**WHAT IS BEING ASKED:** From the records below, print only the part that opens with the line containing "Freshwater / Great" and closes with the line containing "玉皇洞石窟位于張家界城西約7"; omit the pictures.

**EXERCISE MATERIAL:**
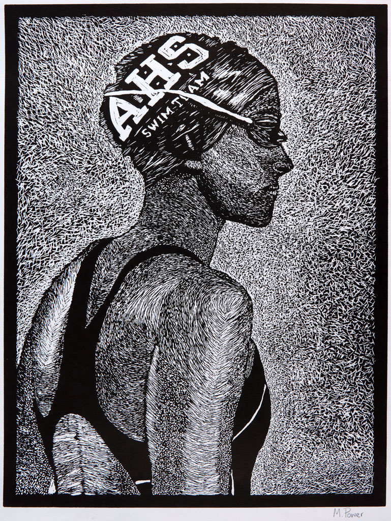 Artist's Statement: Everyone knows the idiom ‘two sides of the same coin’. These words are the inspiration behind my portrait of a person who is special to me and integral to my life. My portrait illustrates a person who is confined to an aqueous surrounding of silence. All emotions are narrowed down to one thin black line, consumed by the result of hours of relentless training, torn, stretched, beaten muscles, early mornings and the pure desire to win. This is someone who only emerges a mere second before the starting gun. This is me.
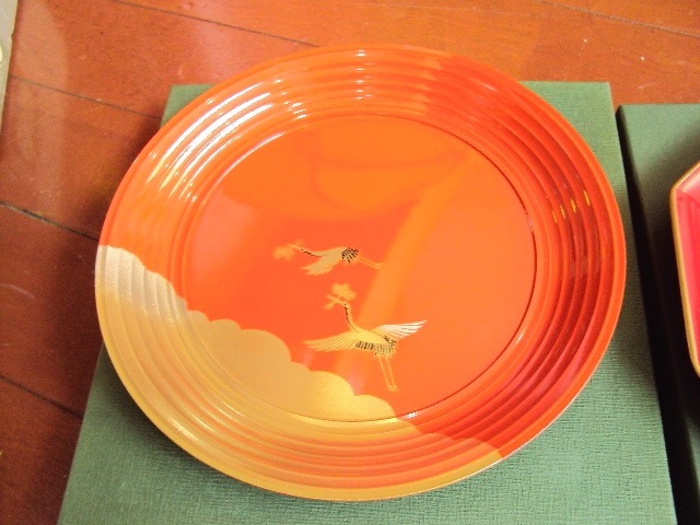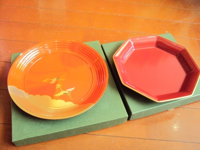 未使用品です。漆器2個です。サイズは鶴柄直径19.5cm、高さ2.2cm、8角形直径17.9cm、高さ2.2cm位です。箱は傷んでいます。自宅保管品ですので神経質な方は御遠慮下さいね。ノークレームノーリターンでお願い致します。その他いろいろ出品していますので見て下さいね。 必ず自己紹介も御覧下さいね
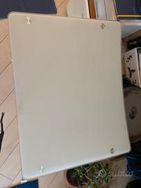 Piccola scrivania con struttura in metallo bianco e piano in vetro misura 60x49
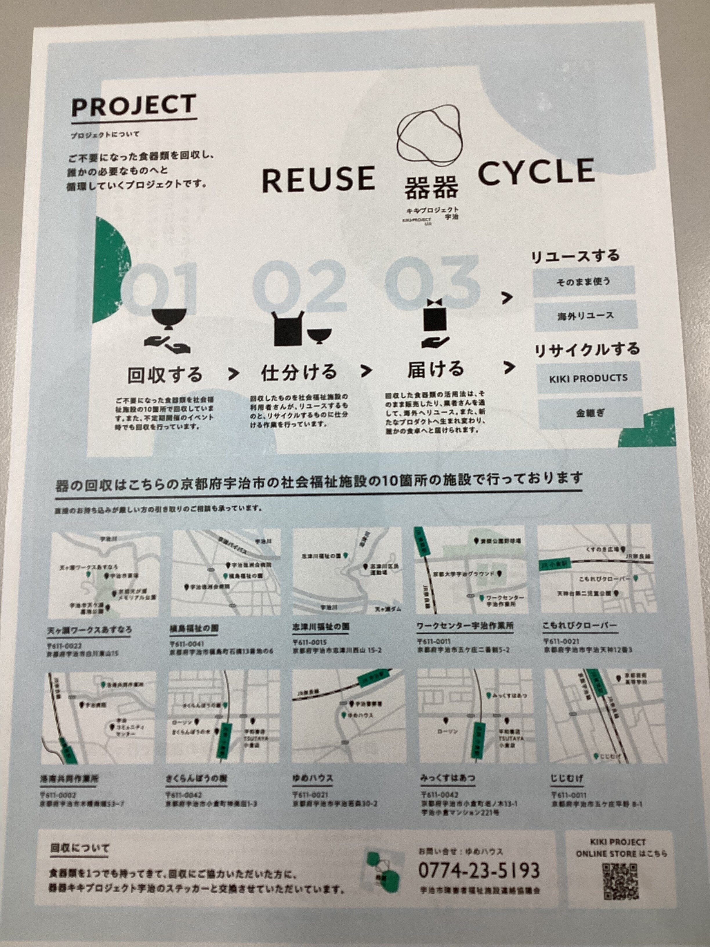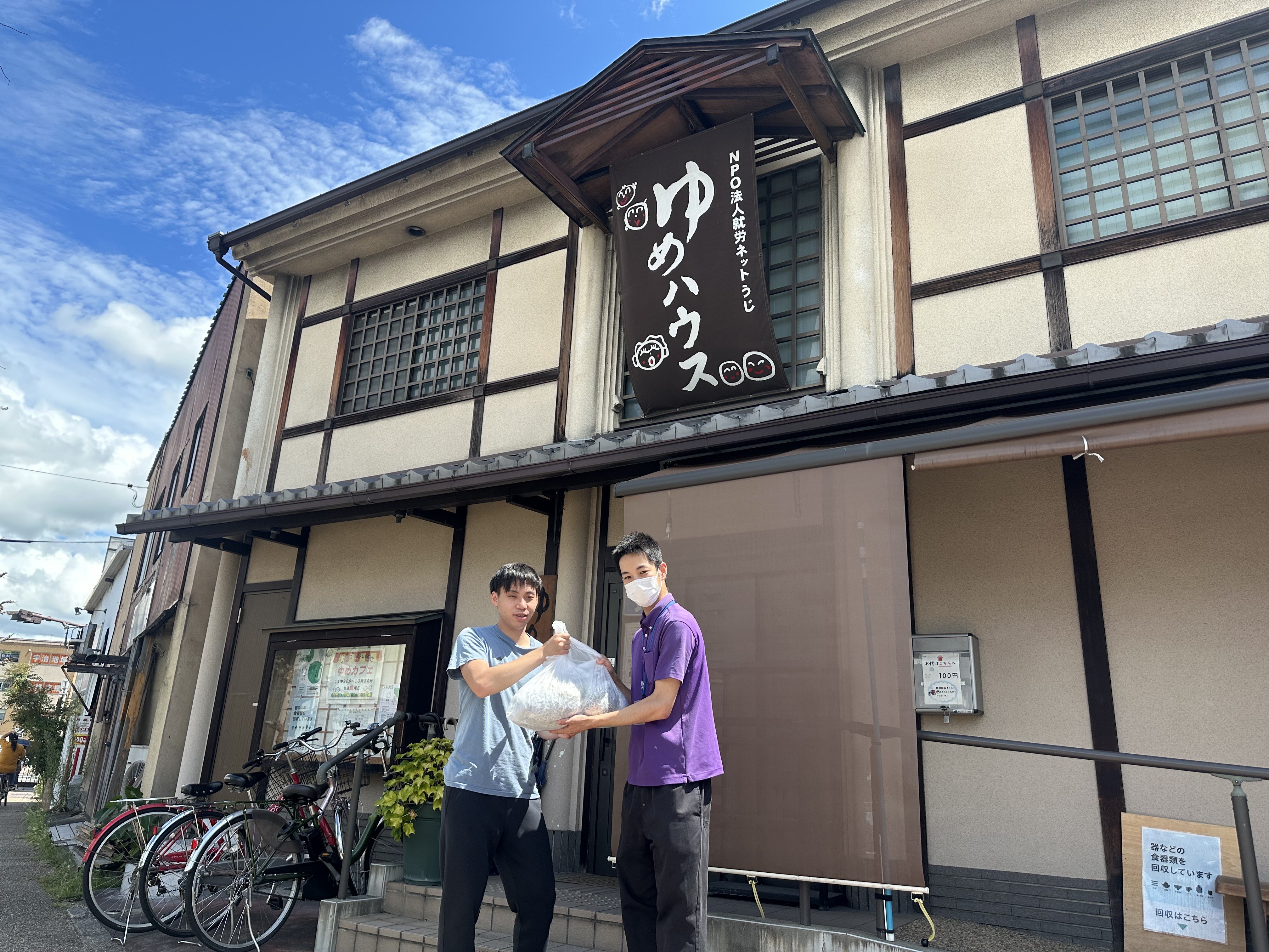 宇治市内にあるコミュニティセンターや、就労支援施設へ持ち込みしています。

* * *

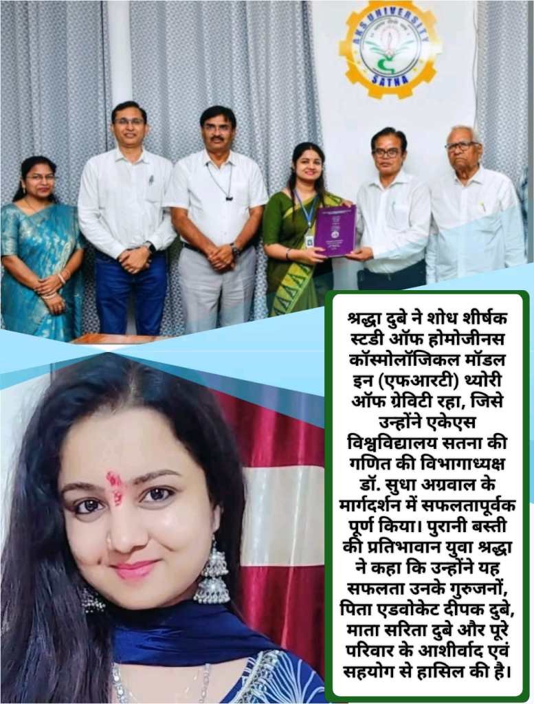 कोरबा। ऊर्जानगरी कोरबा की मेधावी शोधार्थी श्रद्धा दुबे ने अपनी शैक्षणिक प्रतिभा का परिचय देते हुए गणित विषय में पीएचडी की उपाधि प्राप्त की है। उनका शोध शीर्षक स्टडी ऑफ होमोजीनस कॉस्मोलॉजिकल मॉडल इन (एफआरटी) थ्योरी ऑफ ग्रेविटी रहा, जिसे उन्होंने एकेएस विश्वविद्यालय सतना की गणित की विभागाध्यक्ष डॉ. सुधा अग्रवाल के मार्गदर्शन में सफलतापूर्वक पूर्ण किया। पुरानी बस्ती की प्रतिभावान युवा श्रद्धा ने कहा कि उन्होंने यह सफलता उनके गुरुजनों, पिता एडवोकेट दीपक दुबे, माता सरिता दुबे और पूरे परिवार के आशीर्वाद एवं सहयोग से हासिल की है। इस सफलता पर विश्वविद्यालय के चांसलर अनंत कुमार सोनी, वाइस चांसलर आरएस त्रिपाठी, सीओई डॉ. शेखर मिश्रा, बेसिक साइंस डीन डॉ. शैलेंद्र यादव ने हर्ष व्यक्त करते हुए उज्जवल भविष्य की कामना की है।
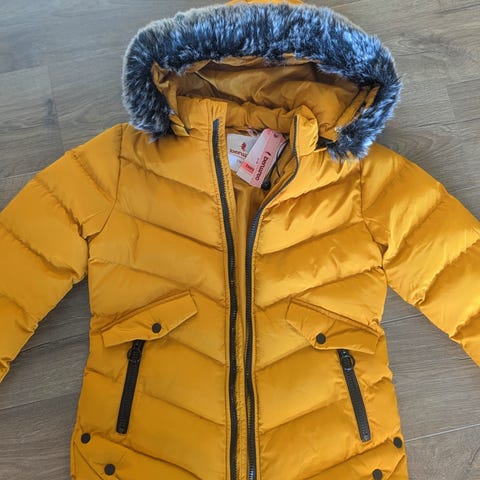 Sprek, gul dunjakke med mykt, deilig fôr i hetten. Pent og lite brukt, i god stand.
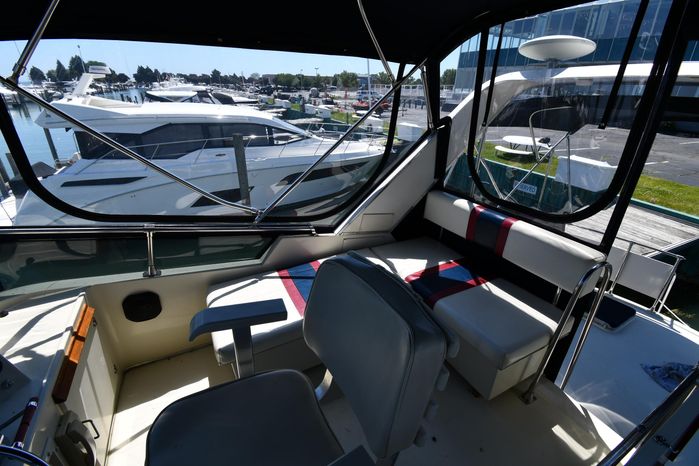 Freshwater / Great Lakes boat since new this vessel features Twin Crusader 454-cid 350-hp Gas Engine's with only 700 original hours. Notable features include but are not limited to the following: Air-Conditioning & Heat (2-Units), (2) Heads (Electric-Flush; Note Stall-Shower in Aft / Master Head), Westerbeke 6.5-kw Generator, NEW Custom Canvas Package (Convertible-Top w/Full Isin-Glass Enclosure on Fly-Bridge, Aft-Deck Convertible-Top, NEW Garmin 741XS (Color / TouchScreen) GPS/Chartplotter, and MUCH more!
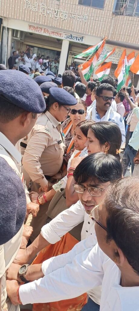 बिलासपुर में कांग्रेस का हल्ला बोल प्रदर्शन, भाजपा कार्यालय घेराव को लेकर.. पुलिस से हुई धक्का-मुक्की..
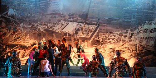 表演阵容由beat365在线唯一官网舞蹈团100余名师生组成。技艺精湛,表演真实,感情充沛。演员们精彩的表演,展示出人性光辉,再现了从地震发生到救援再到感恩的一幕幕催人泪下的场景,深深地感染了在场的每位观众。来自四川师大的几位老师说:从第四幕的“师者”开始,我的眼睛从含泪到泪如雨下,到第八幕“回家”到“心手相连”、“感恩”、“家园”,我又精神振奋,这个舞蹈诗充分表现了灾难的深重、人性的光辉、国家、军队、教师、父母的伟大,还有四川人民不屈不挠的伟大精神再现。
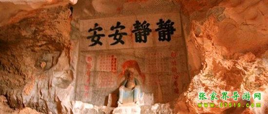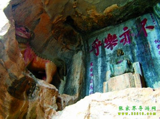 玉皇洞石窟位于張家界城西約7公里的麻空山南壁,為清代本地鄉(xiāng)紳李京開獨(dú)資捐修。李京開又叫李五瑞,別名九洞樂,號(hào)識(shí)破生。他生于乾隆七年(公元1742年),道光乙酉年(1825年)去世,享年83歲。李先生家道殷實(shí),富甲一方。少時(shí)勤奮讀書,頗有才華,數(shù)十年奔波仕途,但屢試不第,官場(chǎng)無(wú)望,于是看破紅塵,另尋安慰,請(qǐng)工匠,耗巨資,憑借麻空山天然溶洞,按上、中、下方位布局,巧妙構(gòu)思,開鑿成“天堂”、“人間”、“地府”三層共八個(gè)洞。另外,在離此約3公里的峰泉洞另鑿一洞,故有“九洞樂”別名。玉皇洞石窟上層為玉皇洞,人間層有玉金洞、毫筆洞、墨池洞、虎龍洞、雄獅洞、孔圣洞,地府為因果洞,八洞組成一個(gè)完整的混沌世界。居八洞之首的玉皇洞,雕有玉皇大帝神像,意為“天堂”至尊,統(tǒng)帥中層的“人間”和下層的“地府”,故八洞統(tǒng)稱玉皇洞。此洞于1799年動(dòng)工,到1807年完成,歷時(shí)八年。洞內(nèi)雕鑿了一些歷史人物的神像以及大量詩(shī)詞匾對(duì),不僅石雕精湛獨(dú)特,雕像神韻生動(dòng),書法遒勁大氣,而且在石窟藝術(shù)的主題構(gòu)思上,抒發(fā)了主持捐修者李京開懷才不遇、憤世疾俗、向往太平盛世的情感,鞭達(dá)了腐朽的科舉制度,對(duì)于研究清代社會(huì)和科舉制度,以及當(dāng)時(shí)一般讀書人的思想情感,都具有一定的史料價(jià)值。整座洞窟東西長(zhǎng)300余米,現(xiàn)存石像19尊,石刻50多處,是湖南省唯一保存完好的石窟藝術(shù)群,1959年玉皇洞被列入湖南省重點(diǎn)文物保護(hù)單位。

**ANSWER TO THIS EXERCISE:**
 Freshwater / Great Lakes boat since new this vessel features Twin Crusader 454-cid 350-hp Gas Engine's with only 700 original hours. Notable features include but are not limited to the following: Air-Conditioning & Heat (2-Units), (2) Heads (Electric-Flush; Note Stall-Shower in Aft / Master Head), Westerbeke 6.5-kw Generator, NEW Custom Canvas Package (Convertible-Top w/Full Isin-Glass Enclosure on Fly-Bridge, Aft-Deck Convertible-Top, NEW Garmin 741XS (Color / TouchScreen) GPS/Chartplotter, and MUCH more!
 बिलासपुर में कांग्रेस का हल्ला बोल प्रदर्शन, भाजपा कार्यालय घेराव को लेकर.. पुलिस से हुई धक्का-मुक्की..
 表演阵容由beat365在线唯一官网舞蹈团100余名师生组成。技艺精湛,表演真实,感情充沛。演员们精彩的表演,展示出人性光辉,再现了从地震发生到救援再到感恩的一幕幕催人泪下的场景,深深地感染了在场的每位观众。来自四川师大的几位老师说:从第四幕的“师者”开始,我的眼睛从含泪到泪如雨下,到第八幕“回家”到“心手相连”、“感恩”、“家园”,我又精神振奋,这个舞蹈诗充分表现了灾难的深重、人性的光辉、国家、军队、教师、父母的伟大,还有四川人民不屈不挠的伟大精神再现。
 玉皇洞石窟位于張家界城西約7公里的麻空山南壁,為清代本地鄉(xiāng)紳李京開獨(dú)資捐修。李京開又叫李五瑞,別名九洞樂,號(hào)識(shí)破生。他生于乾隆七年(公元1742年),道光乙酉年(1825年)去世,享年83歲。李先生家道殷實(shí),富甲一方。少時(shí)勤奮讀書,頗有才華,數(shù)十年奔波仕途,但屢試不第,官場(chǎng)無(wú)望,于是看破紅塵,另尋安慰,請(qǐng)工匠,耗巨資,憑借麻空山天然溶洞,按上、中、下方位布局,巧妙構(gòu)思,開鑿成“天堂”、“人間”、“地府”三層共八個(gè)洞。另外,在離此約3公里的峰泉洞另鑿一洞,故有“九洞樂”別名。玉皇洞石窟上層為玉皇洞,人間層有玉金洞、毫筆洞、墨池洞、虎龍洞、雄獅洞、孔圣洞,地府為因果洞,八洞組成一個(gè)完整的混沌世界。居八洞之首的玉皇洞,雕有玉皇大帝神像,意為“天堂”至尊,統(tǒng)帥中層的“人間”和下層的“地府”,故八洞統(tǒng)稱玉皇洞。此洞于1799年動(dòng)工,到1807年完成,歷時(shí)八年。洞內(nèi)雕鑿了一些歷史人物的神像以及大量詩(shī)詞匾對(duì),不僅石雕精湛獨(dú)特,雕像神韻生動(dòng),書法遒勁大氣,而且在石窟藝術(shù)的主題構(gòu)思上,抒發(fā)了主持捐修者李京開懷才不遇、憤世疾俗、向往太平盛世的情感,鞭達(dá)了腐朽的科舉制度,對(duì)于研究清代社會(huì)和科舉制度,以及當(dāng)時(shí)一般讀書人的思想情感,都具有一定的史料價(jià)值。整座洞窟東西長(zhǎng)300余米,現(xiàn)存石像19尊,石刻50多處,是湖南省唯一保存完好的石窟藝術(shù)群,1959年玉皇洞被列入湖南省重點(diǎn)文物保護(hù)單位。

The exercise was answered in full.